Although the Greeks noted the effects of light traveling through naturally occurring pinholes over two thousand years ago, it has only been 161 years since Sir David Brewster of Scotland took the very first pinhole camera photograph. A pinhole camera is created by constructing a light-proof container (often a shoebox) with a tiny hole in one side. Much like the workings of the human eye, when light travels through the hole an inverted image is projected onto the back side of the box. When fitted with film or photographic paper the simple container can capture this image “negative” for development. There is a complex science behind the creation of a perfect pinhole photograph that takes into account the brightness of the environment, the size of the pinhole, and the distance between the hole and film or paper, but many pinhole enthusiasts prefer to master their craft through trial and error instead.
I have always been fascinated by photography and I’ve never forgotten how much I liked working in the darkroom during middle school photography class. In high school I pursued music to fulfill my arts requirements, but a part of me has always remained partial to photographic art. I was in my early twenties when digital cameras became the standard and I remember being thrilled with the ability to take as many pictures as I desired without having to worry about the cost of developing them later. Those early cameras were huge and heavy, and nothing like the sharp high megapixel devices of today — my cellphone takes pictures ten times better than the ones I captured with my first digital camera (which I believe put me out something close to $500!).

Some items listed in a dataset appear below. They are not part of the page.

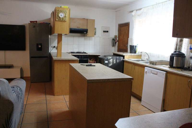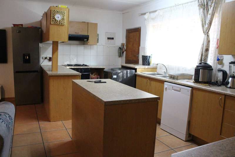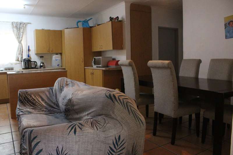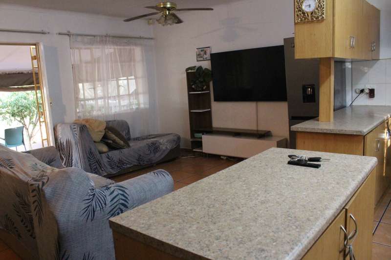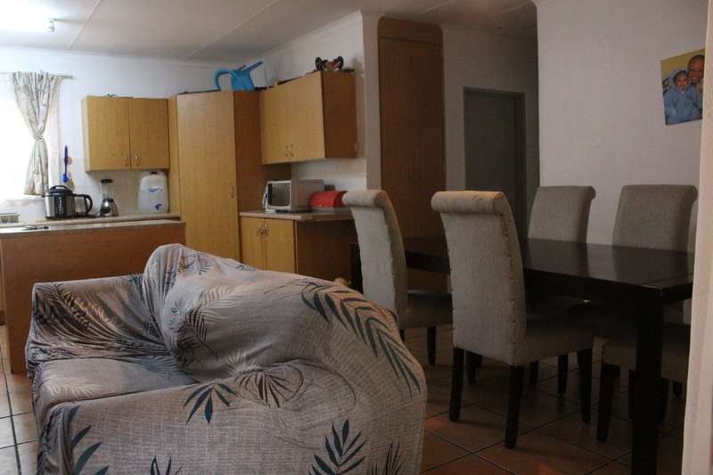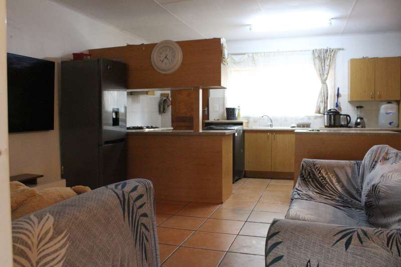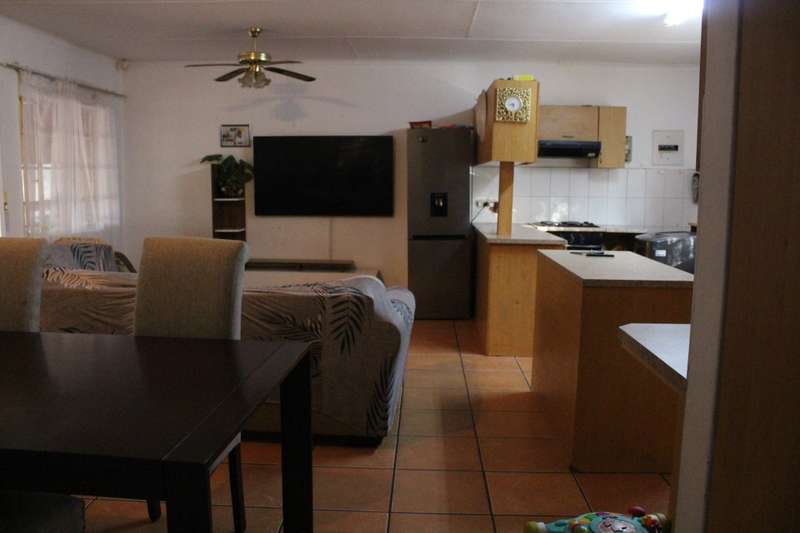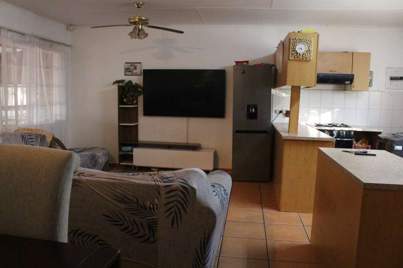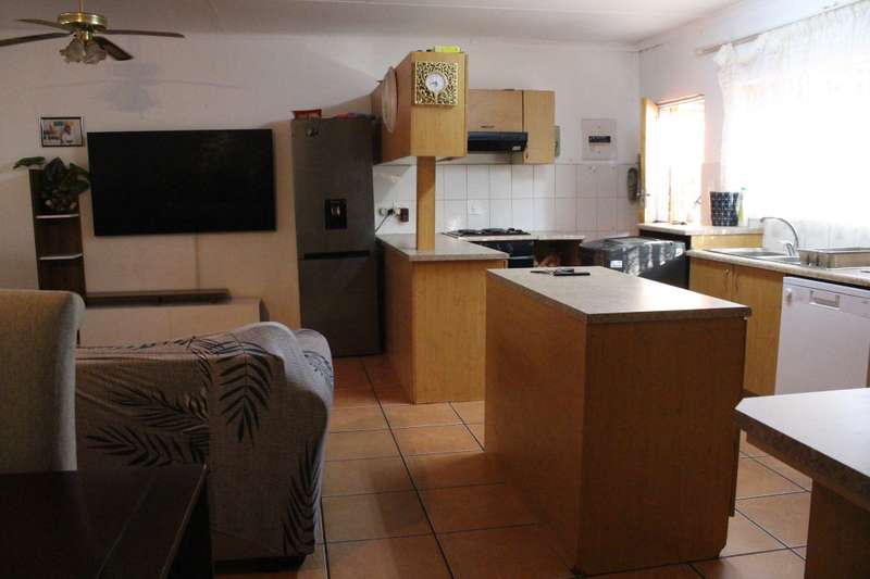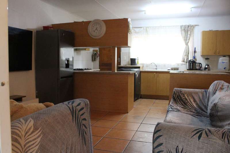 This 2-bedroom, 2-bathroom house features a master bedroom with an ensuite bathroom. The open kitchen includes an island and flows into the lounge. Step outside from the lounge to find a patio with a braai area, perfect for entertaining, along with a spacious yard. The property also includes a garage and is situated in a well-secured complex.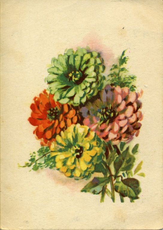 Главная - Каталог - Старинные открытки - Открытки с цветами и фруктами - Винтажная открытка "Герберы". Польша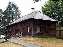 The fort's storehouse is a rectangular one and a half storey building with a hipped roof.[21] The storehouse is the only remaining structure that dates back to the original fur trading fort.[21] It was rebuilt in the 1840s after a fire which destroyed a similar building in 1839, and was the only building which survived the demise of the Fort as an active trading post. The Mavis family, who later purchased the land, used it as a barn for a number of years, until Fort Langley was recognized as a site of historic significance in 1923.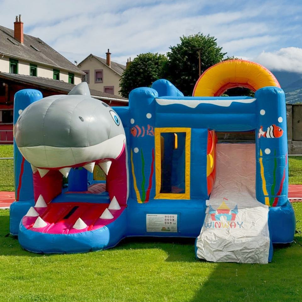 Casa de rebote inflable con temática de tiburón gigante tobogán marca Winway Material de PVC 500kg capacidad para fiestas de cumpleaños divertidas en el patio trasero
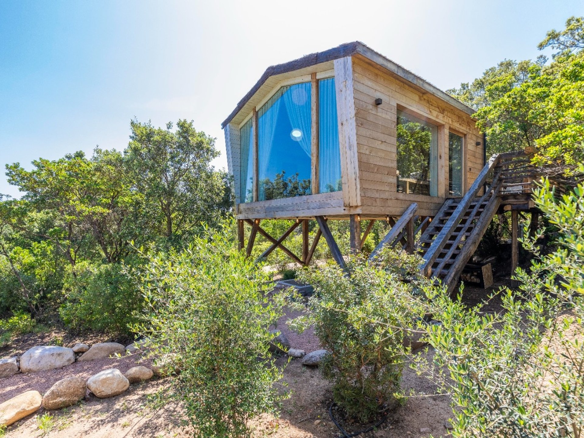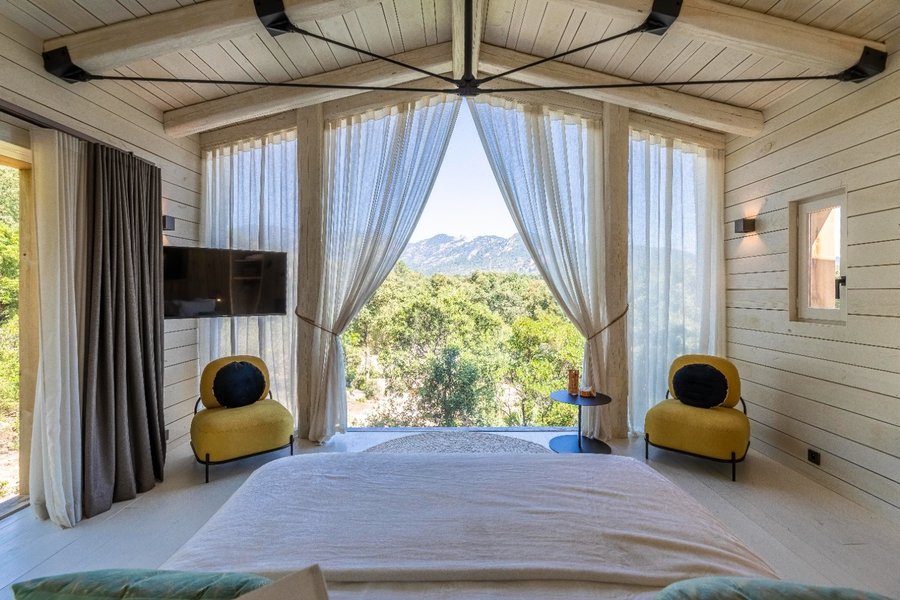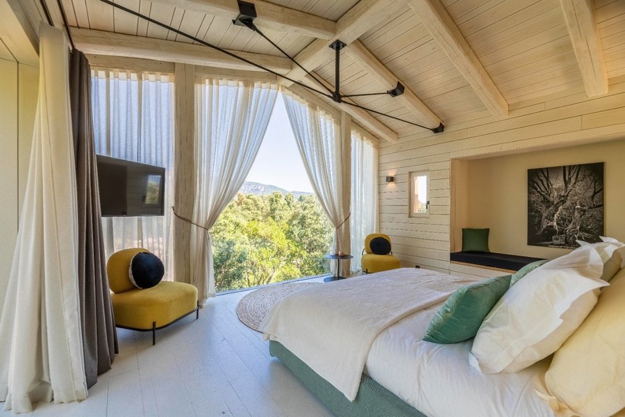 Nichée au cœur du maquis Corse, la cabane Pavo est une suite luxueuse avec une belle terrasse conçue pour les amoureux.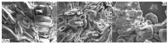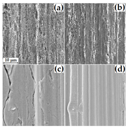 SEM images of rod surfaces after immersion in oils with formic acid (10,000 ppm), water (10,000 ppm), and L-lycine (300 ppm): (a) UCO6, (b) UCO7, and (c) UCO8. The magnification is the same for all images.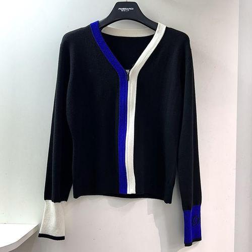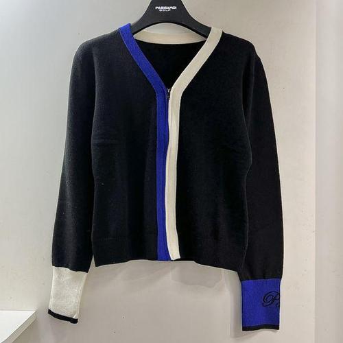 [파사디골프]배색라인 V넥 니트 집업 가디건 블랙 여성 P25SKC301S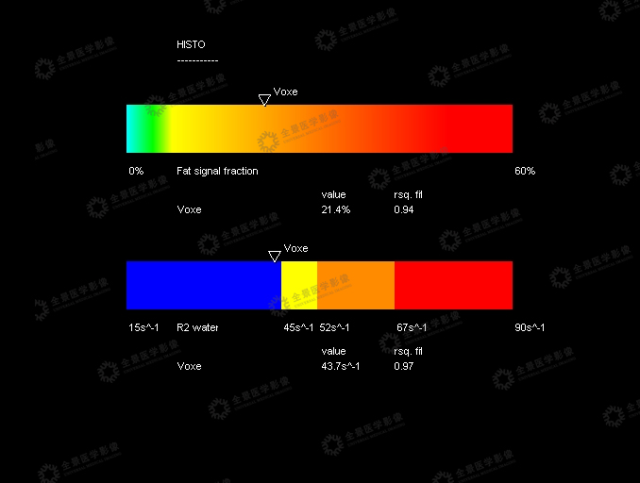 即水脂分离技术,通过对同、反相位图像进行相加和相减,从而得到水相图和脂相图,此序列对于肝脏脂肪变性的判定更加直观,但是容易受磁场均匀度的影像,此后的三点法水脂分离技术(iterative decomposition of water and fat with echoasymmetry and least—squares estimation,IDEAL)可以克服磁场的不均匀性,从而使脂肪定量的测定结果更加准确,此序列可以收集六个TE回波时间,最后通过图像处理得到同相位图、反相位图、水相图、脂相图、脂肪分数图、R2*图,其一次屏气即可得到全肝序列影像,采集时间短,使用配套处理软件可对选定ROI的脂肪分数进行计算。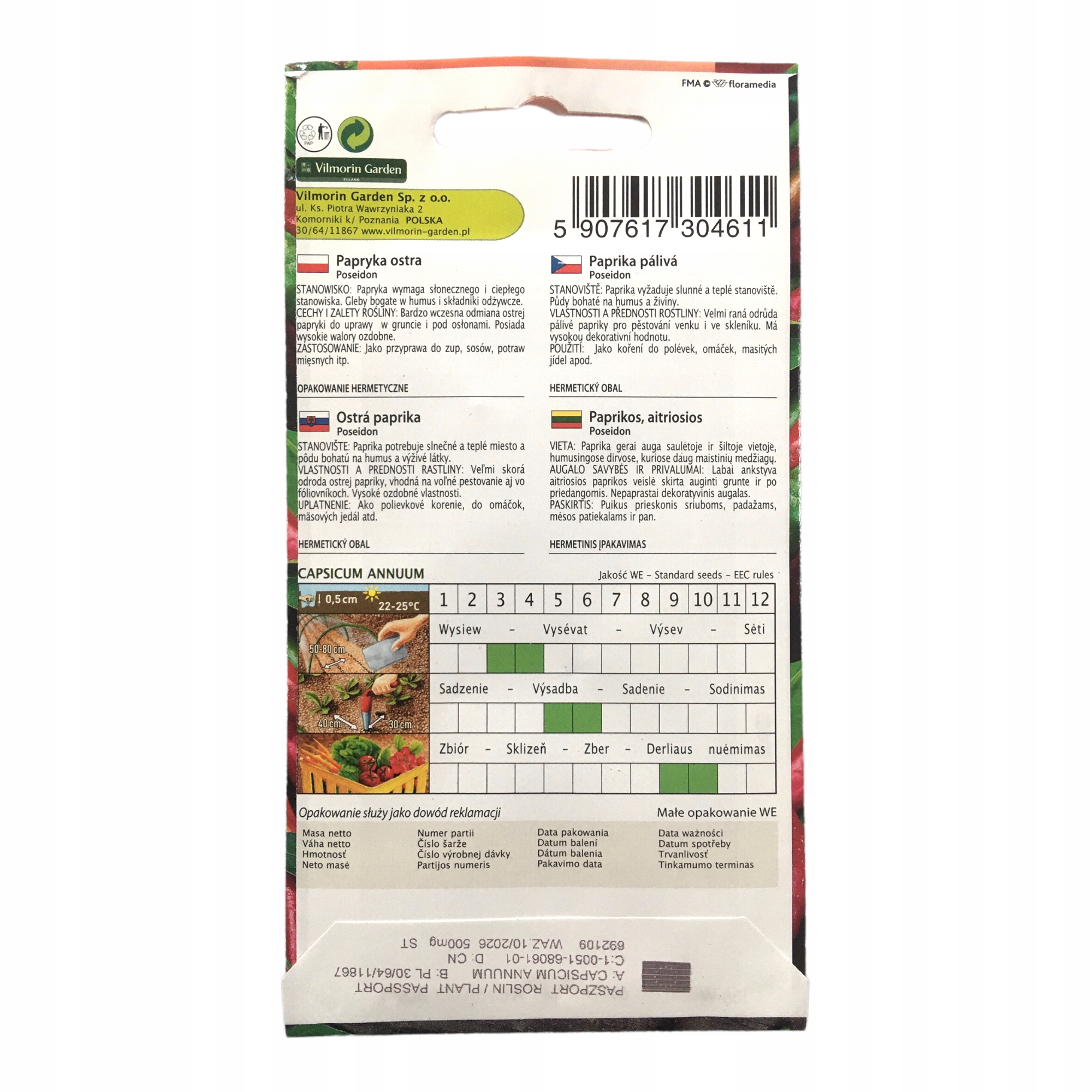 VILMORIN NASIONA PAPRYKI PAPRYKA CZERWONA OSTRA POSEIDON 0,5G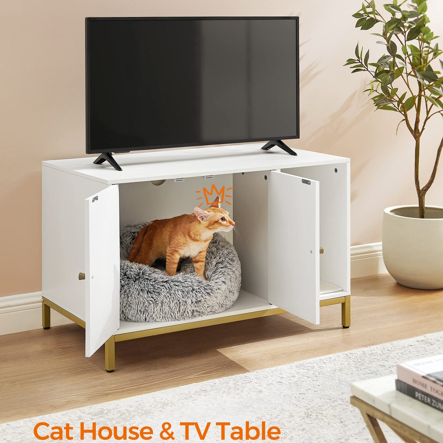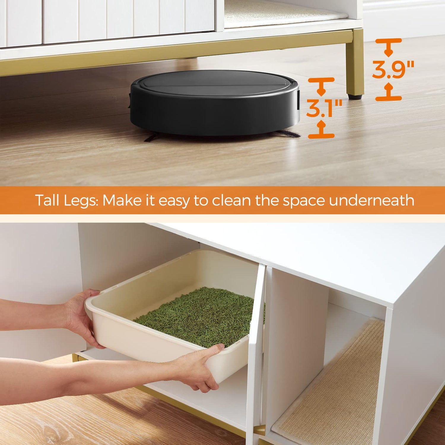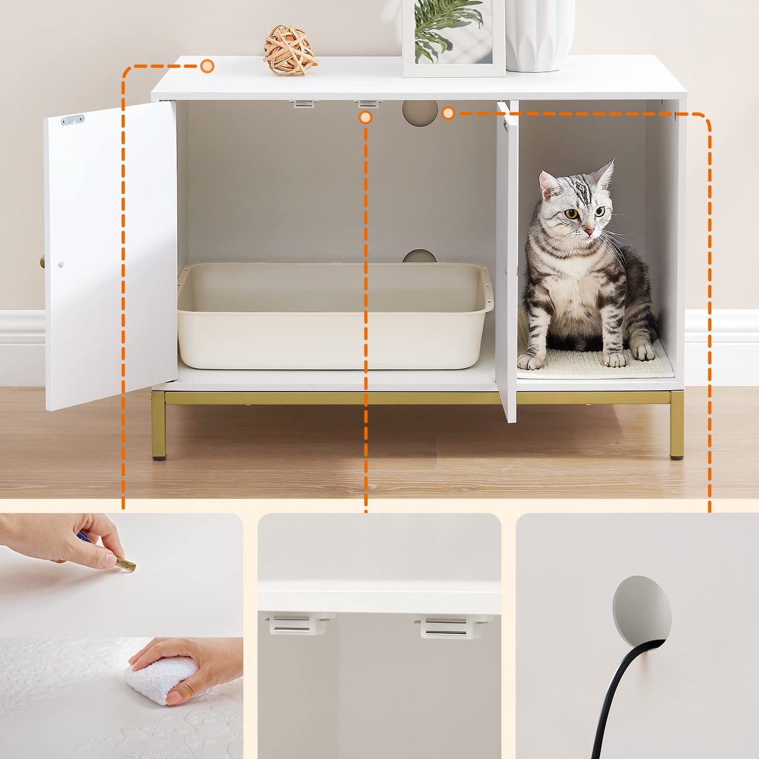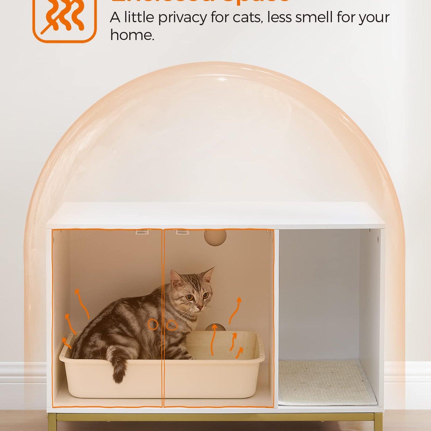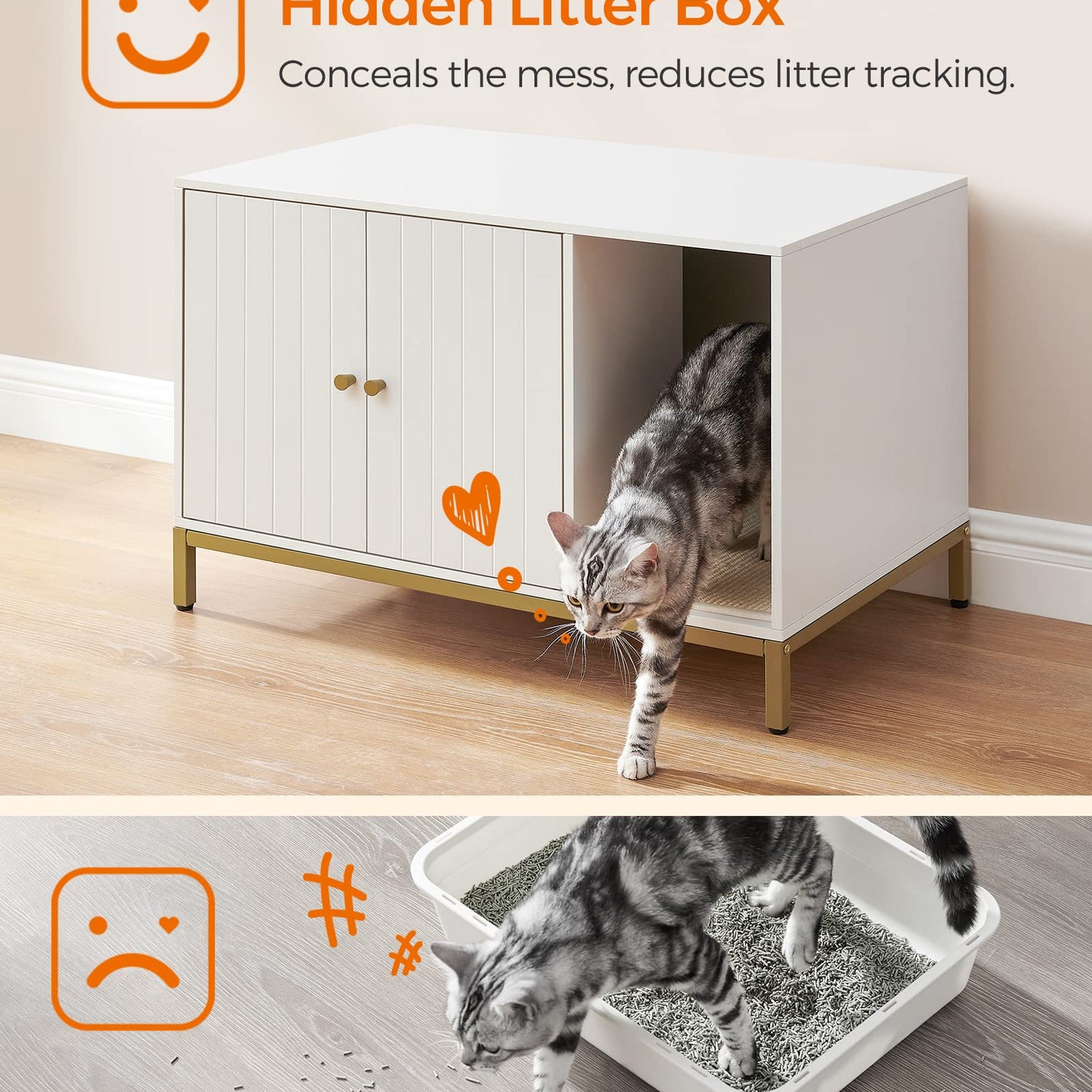 - [Style the Litter Box Area] Featuring a white finish and gold-colored metal frame, this modern litter box enclosure easily blends in with your current furniture, giving the once-messy litter box area a makeover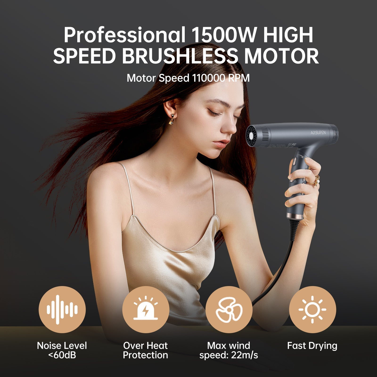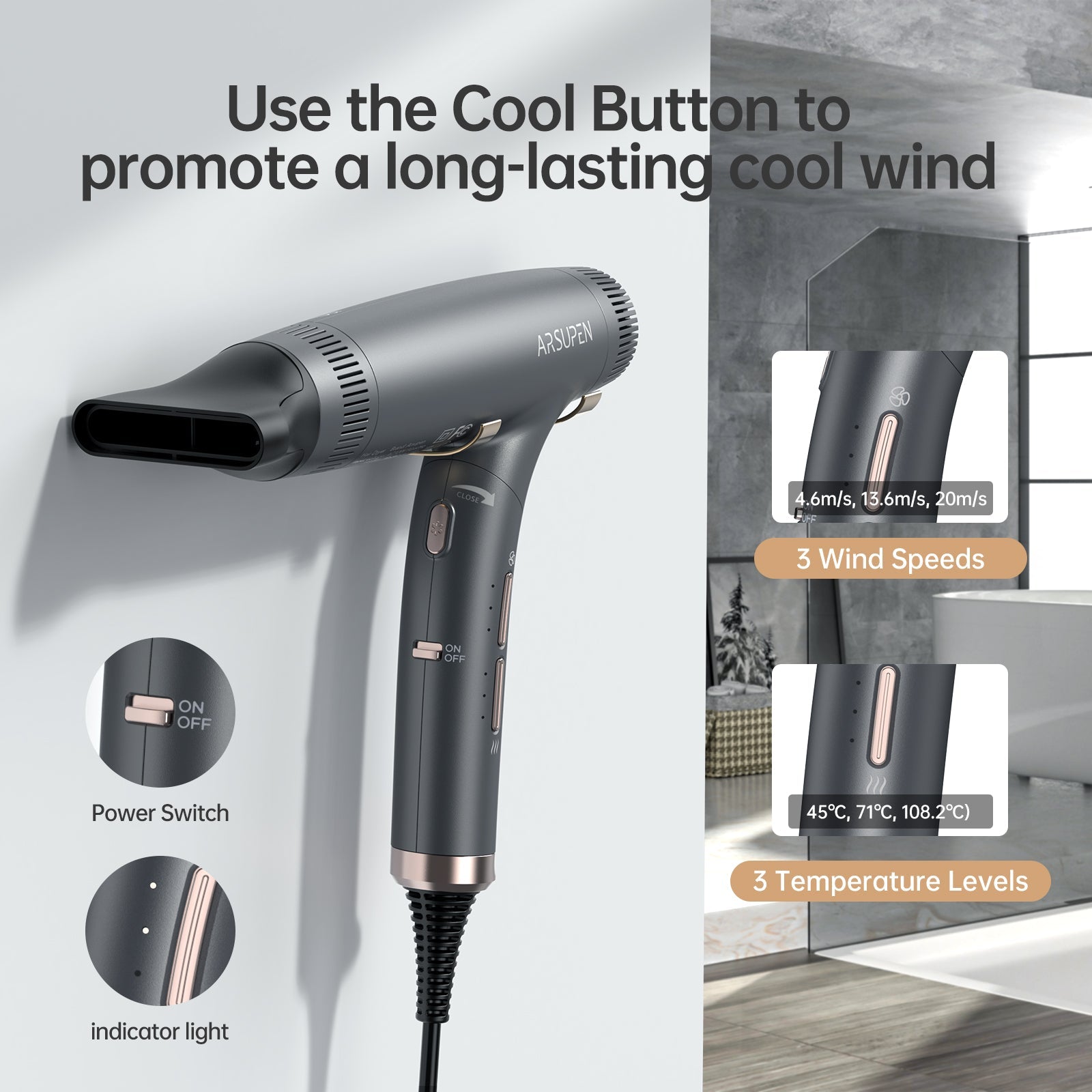 ARSUPEN Professional Hair Dryer Lightweight Foldable Dual Ionic Blow Dryer High Speed for Fast Drying

While I have enjoyed photography in a sort of passive way, Chris is an active aficionado. He has a wonderful Nikon camera that he totes around to all of our family events and on many of our daily celebrations. As a trained graphic designer he’s very much the artist of the family and is perfectly happy spending the morning taking pictures of his car or wandering through downtown Fredericksburg to capture some shots. Between my fondness and his passion for photography we have both been looking forward to celebrating World Pinhole Photography Day for quite some time.